2026年全国学力テストが示したのは、算数・数学における「知識・技能」と「思考・判断・表現」の構造的な乖離だ。計算練習の量を増やすだけでは、24ポイントの差は埋まらない。

学習指導要領の本文には、算数・数学の目標に「思考・判断・表現」が明記されており、これは評価の観点であると同時に、学校と家庭が連携して育てるべき力だ。家庭でできる最初の一歩は「答えではなく根拠を聞く1分」だ。その小さな積み重ねが、記述問題の「諦め」を「挑戦」へと変えていく。


よくある質問(FAQ)

Q1. 「思考・判断・表現」の力は、中学生になってから伸ばせますか?

A. 伸ばせます。「書く型」を知らなかっただけのケースが多く、型を教えてから練習量を積むと比較的早く改善します。中学3年の夏から対策を始めた生徒が秋の模試でスコアが改善するケースは珍しくありません。

Q2. 塾に通わせれば「思考・判断・表現」は伸びますか?

A. 塾のカリキュラムによります。記述・証明の練習を意図的に組み込んでいる塾は効果的ですが、計算問題中心のカリキュラムでは「知識・技能」しか伸びないケースがあります。入塾前に「記述問題の指導方針」を確認することをお勧めします。

Q3. 小学生のうちに何かできることはありますか?

A. 算数の宿題で「どうして?」と問いかけることが最も効果的です。小学6年段階の算数「思考・判断・表現」観点の正答率は43.5%と低く、小学生のうちから「答えの根拠を話す」習慣をつけることが中学の証明問題への最大の備えになります。
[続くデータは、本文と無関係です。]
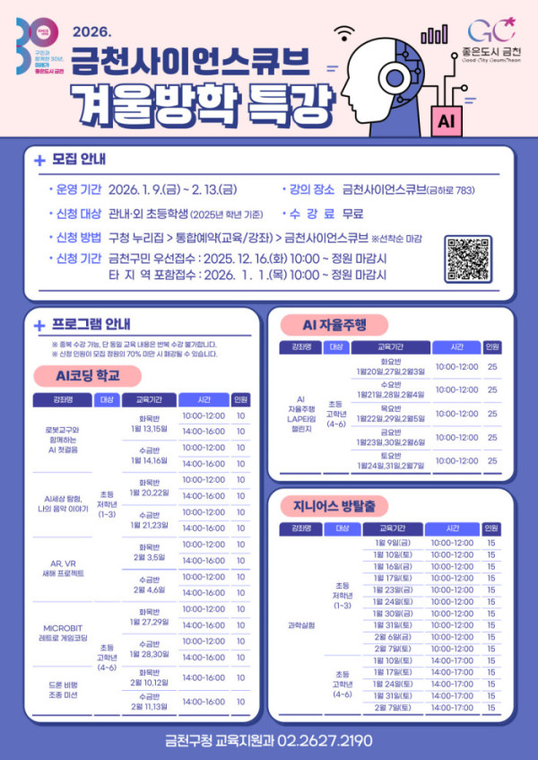 금천구는 금천사이언스큐브에서 내년 1월 9일부터 2월 13일까지 초등학생 530명을 대상으로 AI·과학 특강을 연다.

Q4. SNSのスクリーンタイムと学力の関係は確かですか?

A. 2026年度の全国学力・学習状況調査のアンケートでは、平日のSNS・動画視聴時間が「3時間以上」の中学生が約5割(49.1%)に達し、利用時間が長い生徒ほど全教科で正答率が低い傾向が確認されています。ただし相関であり因果関係の特定には追加研究が必要です。

Q5. 2028年のCBT移行で何が変わりますか?

A. 全国学力テストは2028年度からCBT(コンピュータによるテスト)に完全移行し、経年スコア比較が可能になります。記述式の形式に変化が生じる可能性があり、特に「データの活用」領域での記述力がより問われるようになる見通しです。


参考文献

  • 文部科学省・国立教育政策研究所「令和8年度全国学力・学習状況調査 報告書・集計結果」(2026年7月16日公表)
  • 国立教育政策研究所「令和8年度全国学力・学習状況調査 分析結果」(2026年8月3日公表)
  • 文部科学省「中学校学習指導要領(平成29年告示)解説 数学編」
  • 日本経済新聞「全国学力テスト、記述式で苦戦 中3数学は正答率39%」(2026年8月)
  • リシード「2026年度分析結果公表、国語・英語に共通の弱点は『根拠を示す力』」(2026年8月4日)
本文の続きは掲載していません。